- _What is being asked_:
Your task is to copy the stretch of lines in the records below that begins with the line containing "1、打开小说,点击下方的设置" and ends with the line containing "九十多岁时,他还在画老鼠。那", exactly as written, with nothing added.

- _Entries shown_:
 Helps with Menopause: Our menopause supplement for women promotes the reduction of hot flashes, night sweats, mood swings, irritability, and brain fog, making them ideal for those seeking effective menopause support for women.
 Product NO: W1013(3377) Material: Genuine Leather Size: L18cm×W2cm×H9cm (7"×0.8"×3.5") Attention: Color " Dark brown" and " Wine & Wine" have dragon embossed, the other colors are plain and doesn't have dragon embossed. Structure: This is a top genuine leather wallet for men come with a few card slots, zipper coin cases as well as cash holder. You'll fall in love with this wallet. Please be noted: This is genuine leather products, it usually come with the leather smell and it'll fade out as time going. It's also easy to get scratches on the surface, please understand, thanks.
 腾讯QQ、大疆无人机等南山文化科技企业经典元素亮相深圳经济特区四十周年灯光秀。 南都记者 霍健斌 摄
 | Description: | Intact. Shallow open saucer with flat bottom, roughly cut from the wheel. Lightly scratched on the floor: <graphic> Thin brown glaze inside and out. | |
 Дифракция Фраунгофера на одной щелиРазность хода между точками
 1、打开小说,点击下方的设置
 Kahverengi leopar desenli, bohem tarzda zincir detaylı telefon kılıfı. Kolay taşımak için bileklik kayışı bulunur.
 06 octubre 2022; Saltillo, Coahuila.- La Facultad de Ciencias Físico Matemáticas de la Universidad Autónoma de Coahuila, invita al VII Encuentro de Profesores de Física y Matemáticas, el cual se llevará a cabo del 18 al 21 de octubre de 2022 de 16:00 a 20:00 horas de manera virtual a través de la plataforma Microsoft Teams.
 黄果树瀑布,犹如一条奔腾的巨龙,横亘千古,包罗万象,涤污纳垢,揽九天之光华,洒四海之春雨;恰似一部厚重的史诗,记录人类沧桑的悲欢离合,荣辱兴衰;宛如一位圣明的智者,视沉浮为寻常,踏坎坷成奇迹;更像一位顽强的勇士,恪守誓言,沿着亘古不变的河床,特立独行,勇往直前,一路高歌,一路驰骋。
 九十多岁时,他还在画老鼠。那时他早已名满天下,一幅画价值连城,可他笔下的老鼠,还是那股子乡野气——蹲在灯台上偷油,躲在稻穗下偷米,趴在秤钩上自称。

--

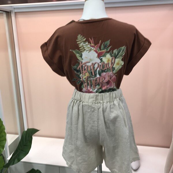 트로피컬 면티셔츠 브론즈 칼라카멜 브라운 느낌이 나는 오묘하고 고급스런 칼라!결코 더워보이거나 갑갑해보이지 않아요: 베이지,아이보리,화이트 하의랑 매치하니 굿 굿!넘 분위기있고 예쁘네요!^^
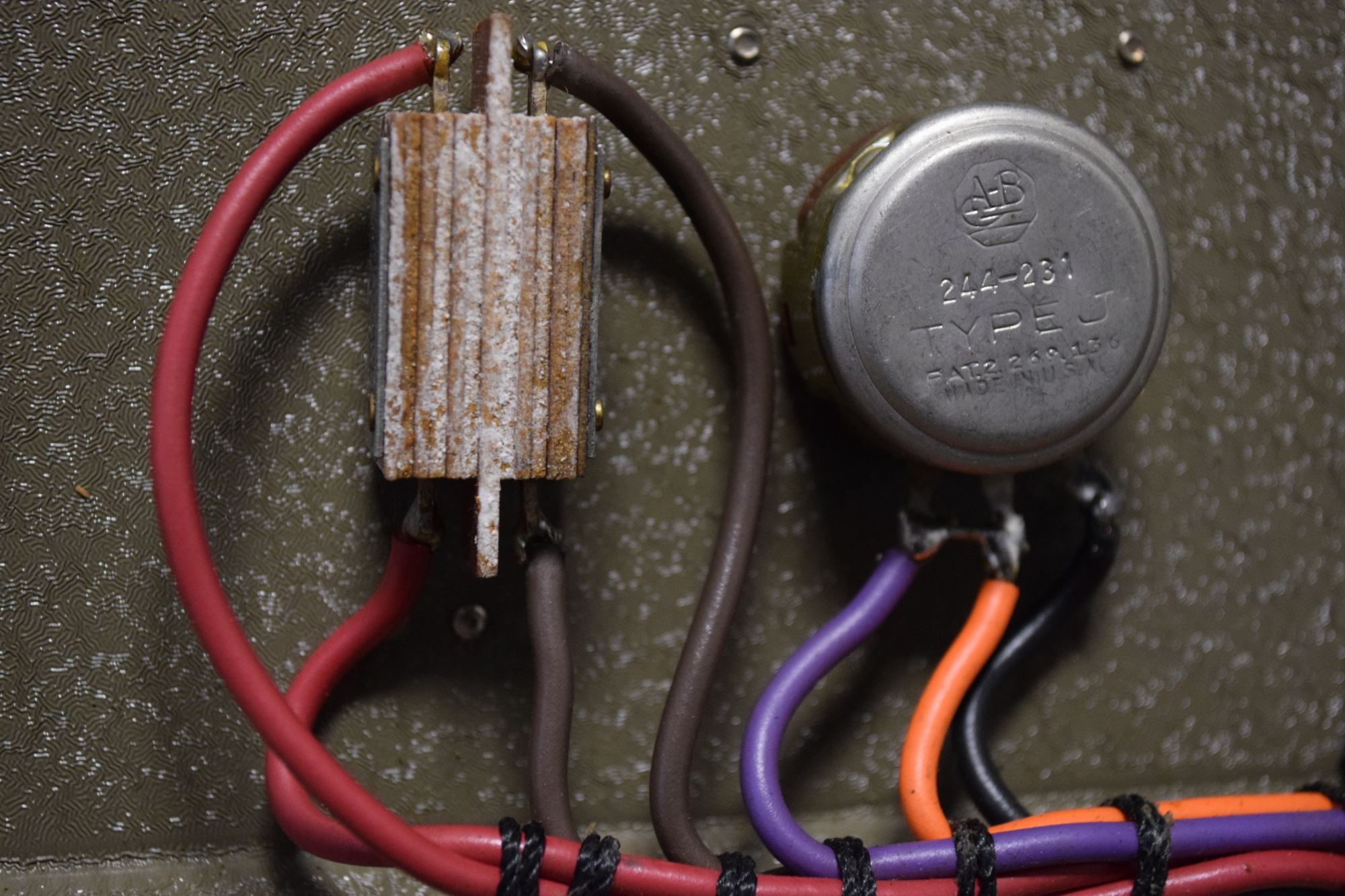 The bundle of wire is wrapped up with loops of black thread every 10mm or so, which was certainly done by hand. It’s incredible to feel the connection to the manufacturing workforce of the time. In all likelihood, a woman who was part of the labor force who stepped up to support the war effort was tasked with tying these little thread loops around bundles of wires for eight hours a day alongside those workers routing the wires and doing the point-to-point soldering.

- _Written reply_:
 1、打开小说,点击下方的设置
 Kahverengi leopar desenli, bohem tarzda zincir detaylı telefon kılıfı. Kolay taşımak için bileklik kayışı bulunur.
 06 octubre 2022; Saltillo, Coahuila.- La Facultad de Ciencias Físico Matemáticas de la Universidad Autónoma de Coahuila, invita al VII Encuentro de Profesores de Física y Matemáticas, el cual se llevará a cabo del 18 al 21 de octubre de 2022 de 16:00 a 20:00 horas de manera virtual a través de la plataforma Microsoft Teams.
 黄果树瀑布,犹如一条奔腾的巨龙,横亘千古,包罗万象,涤污纳垢,揽九天之光华,洒四海之春雨;恰似一部厚重的史诗,记录人类沧桑的悲欢离合,荣辱兴衰;宛如一位圣明的智者,视沉浮为寻常,踏坎坷成奇迹;更像一位顽强的勇士,恪守誓言,沿着亘古不变的河床,特立独行,勇往直前,一路高歌,一路驰骋。
 九十多岁时,他还在画老鼠。那时他早已名满天下,一幅画价值连城,可他笔下的老鼠,还是那股子乡野气——蹲在灯台上偷油,躲在稻穗下偷米,趴在秤钩上自称。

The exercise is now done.